# What the exercise asks
What needs reproducing is the run of lines in the data below starting at the line with "Immigrants from Jordan" and ending at the line with "3月24日讯 德转更新了西甲", both ends included. Copy it exactly, without pictures, and add nothing.

# Available data
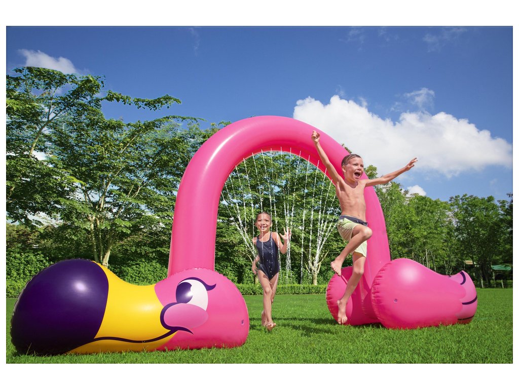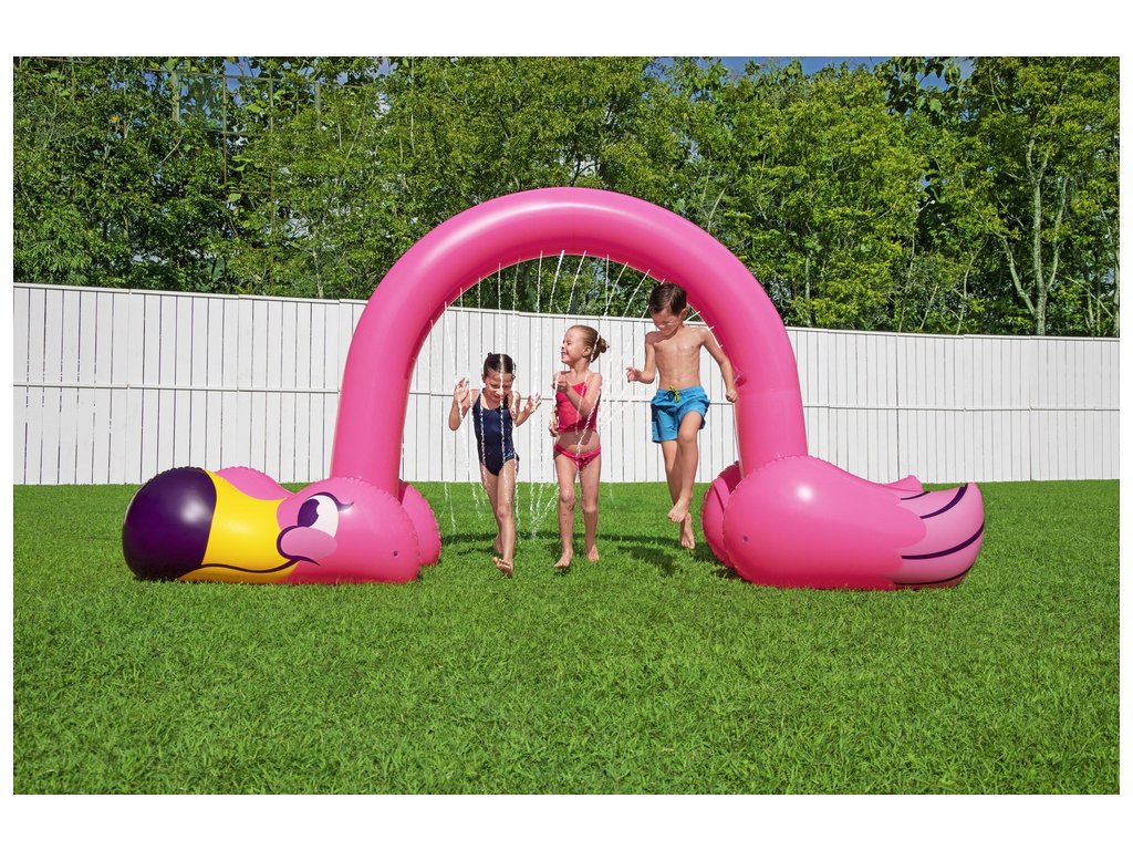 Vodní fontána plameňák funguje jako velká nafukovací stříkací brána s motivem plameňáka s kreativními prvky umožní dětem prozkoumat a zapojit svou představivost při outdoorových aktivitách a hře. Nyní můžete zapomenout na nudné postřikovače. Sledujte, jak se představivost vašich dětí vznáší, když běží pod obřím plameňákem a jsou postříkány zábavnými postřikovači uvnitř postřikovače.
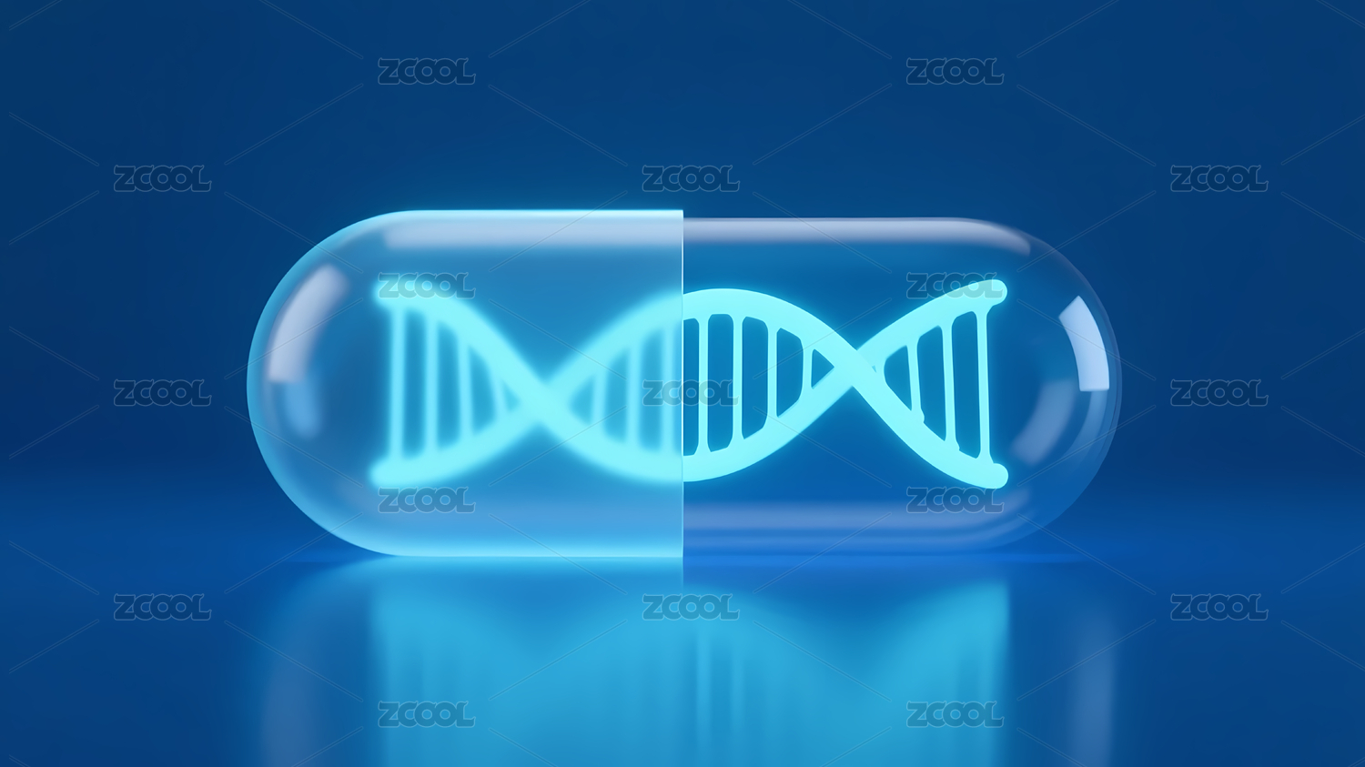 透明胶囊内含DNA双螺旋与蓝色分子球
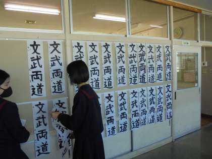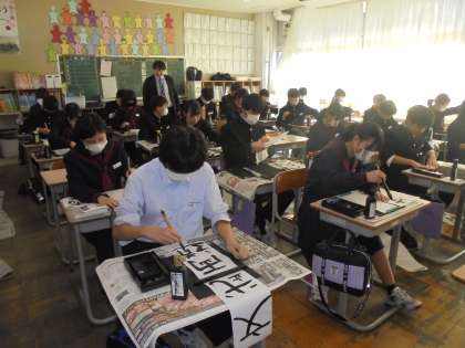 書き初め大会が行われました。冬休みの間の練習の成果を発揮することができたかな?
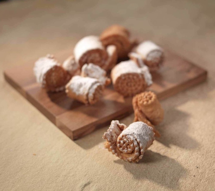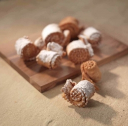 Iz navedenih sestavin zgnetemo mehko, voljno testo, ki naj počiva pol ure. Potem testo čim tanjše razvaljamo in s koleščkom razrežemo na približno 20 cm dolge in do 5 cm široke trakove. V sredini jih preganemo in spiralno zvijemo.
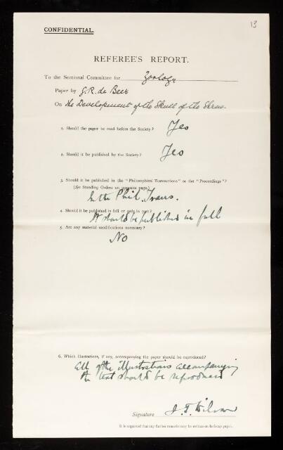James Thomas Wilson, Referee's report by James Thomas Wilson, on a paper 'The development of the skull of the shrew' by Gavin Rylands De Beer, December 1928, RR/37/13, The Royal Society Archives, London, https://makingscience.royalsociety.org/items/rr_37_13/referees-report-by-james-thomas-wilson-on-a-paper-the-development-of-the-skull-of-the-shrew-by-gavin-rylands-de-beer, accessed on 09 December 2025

==

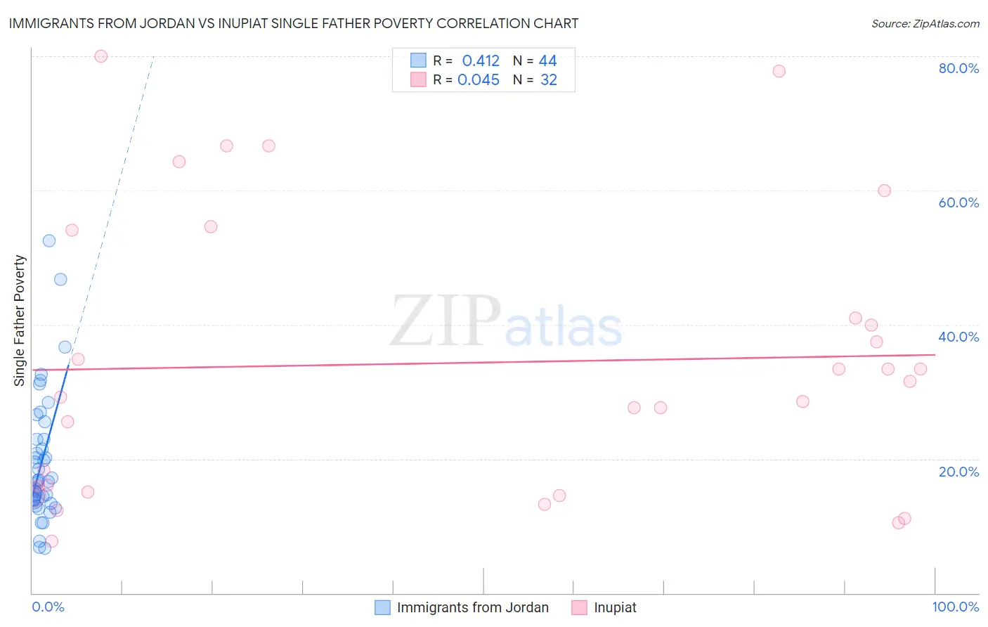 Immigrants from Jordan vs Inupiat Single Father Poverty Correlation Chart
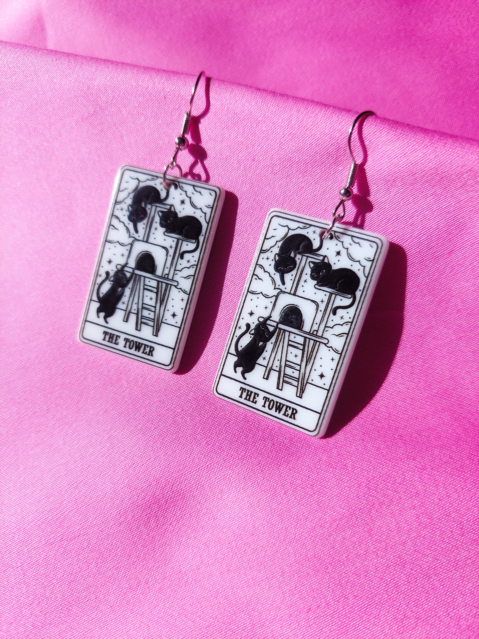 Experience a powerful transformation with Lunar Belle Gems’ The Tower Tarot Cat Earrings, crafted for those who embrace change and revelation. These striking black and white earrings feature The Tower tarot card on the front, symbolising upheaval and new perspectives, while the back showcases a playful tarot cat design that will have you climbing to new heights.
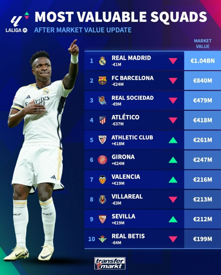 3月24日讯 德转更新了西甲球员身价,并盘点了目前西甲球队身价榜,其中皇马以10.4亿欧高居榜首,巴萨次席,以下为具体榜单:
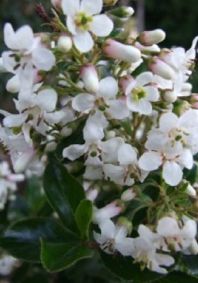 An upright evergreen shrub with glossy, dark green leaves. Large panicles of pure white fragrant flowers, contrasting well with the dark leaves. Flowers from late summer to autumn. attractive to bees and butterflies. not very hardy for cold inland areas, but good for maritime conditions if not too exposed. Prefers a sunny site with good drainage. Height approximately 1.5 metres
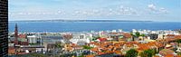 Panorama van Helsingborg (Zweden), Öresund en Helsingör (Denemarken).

# Solution to this exercise
 Immigrants from Jordan vs Inupiat Single Father Poverty Correlation Chart
 Experience a powerful transformation with Lunar Belle Gems’ The Tower Tarot Cat Earrings, crafted for those who embrace change and revelation. These striking black and white earrings feature The Tower tarot card on the front, symbolising upheaval and new perspectives, while the back showcases a playful tarot cat design that will have you climbing to new heights.
 3月24日讯 德转更新了西甲球员身价,并盘点了目前西甲球队身价榜,其中皇马以10.4亿欧高居榜首,巴萨次席,以下为具体榜单:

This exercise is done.